3. Changes in Liquidity and Interest Rate Markets
Liquidity Recovery: Broad liquidity reached 6.1 trillion, with outflows from the TGA account driving liquidity improvement. The decline in the usage of the Federal Reserve's discount window indicates a reduction in market funding pressure.
Interest Rate Market: Rate cut expectations remain stable, with a 67% probability of a cut in June and an anticipated three cuts throughout the year.
Bond Market: Short-term interest rates are falling faster than long-term rates, resulting in a steepening yield curve, reflecting increased certainty in the market regarding interest rate cuts, but concerns about a rebound in inflation still exist.

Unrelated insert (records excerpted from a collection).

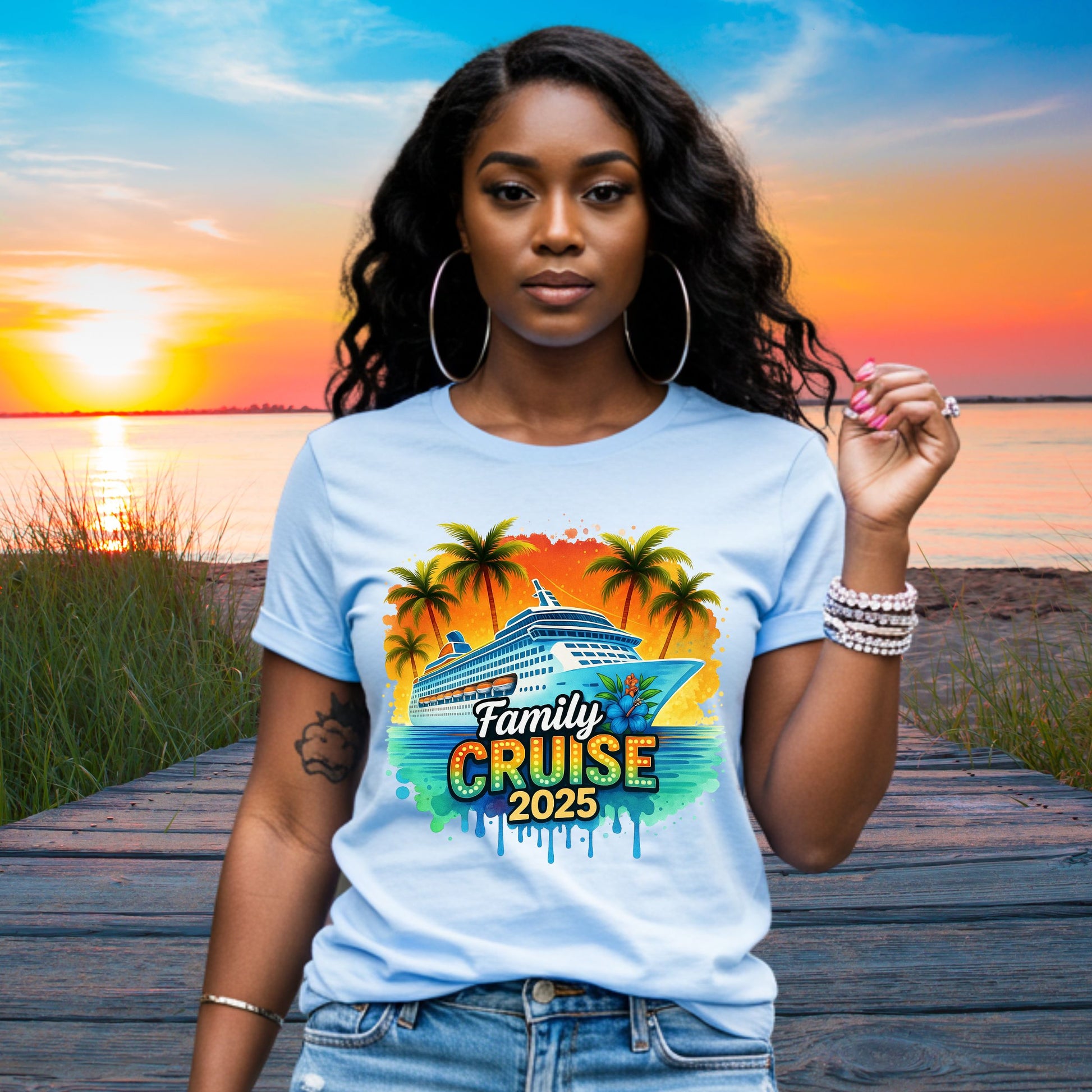 Set sail in style with this vibrant Family Cruise 2025 shirt – the perfect matching tee for your next tropical getaway! Featuring a bold cruise ship design, palm trees, and a colorful sunset splash background, this shirt is ideal for group photos, onboard fun, or exploring the islands. Whether you're planning a family reunion at sea, a group vacation, or a multigenerational adventure, this shirt brings fun and unity to your crew.
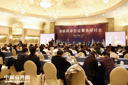 由中國公證協會主辦的以“兩岸繁榮與公證發展”為主題的海峽兩岸公證事務研討會11月16日在上海召開。(中國臺灣網 王怡然 攝)
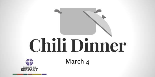 Join us Sunday, March 4 for an all-church chili dinner immediately following our morning worship services. Ellen will make the chili, but the other food will be potluck-style, so please bring a dish to share.

Credit Market: Investment-grade credit spreads have widened, credit risk has slightly increased, market risk appetite has declined, but no systemic risk signals have emerged.
2. Macroeconomic Outlook for Next Week
1. The equal tariff policy has become the focus of the market.
The reciprocal tariff policy effective from April 2 is a key focus for the market:
Tariff intensity: The level of tax rates and coverage will affect the prices of goods, thereby impacting inflation and corporate profits. If it exceeds expectations, it may increase import costs, putting pressure on corporate profits, and the stock and bond markets may face pressure.
Global trade frictions: If they trigger retaliatory measures from other countries, it may exacerbate supply chain tensions, drive up inflation, threaten global economic growth, and potentially lead to panic selling in the markets, reinforcing the logic of "stagflation trades."
2. Market Risk Preference
The market remains in a cautious mode, with strong hedging demand for tail risks:
The VIX has retreated, but risk signals in the credit market have intensified, and the market has not completely shaken off panic.
Investors tend to reduce risk exposure and increase holdings in safe-haven assets such as gold and government bonds.
3. Federal Reserve policy direction
Tariff policy has a significant impact on the Federal Reserve's stance:
If tariffs raise inflation, the Federal Reserve may tighten policies earlier, leading to a contraction in market liquidity and increasing volatility.
If inflation is controllable, the Federal Reserve may maintain a dovish stance, providing a buffer for the market.
4. Strategy Recommendations
The market is still in an uncertain stage of policy and risk pricing. Short-term strategies should focus on "defensive + flexible offensive" as the core, avoiding tail risks while seizing phased opportunities in the market.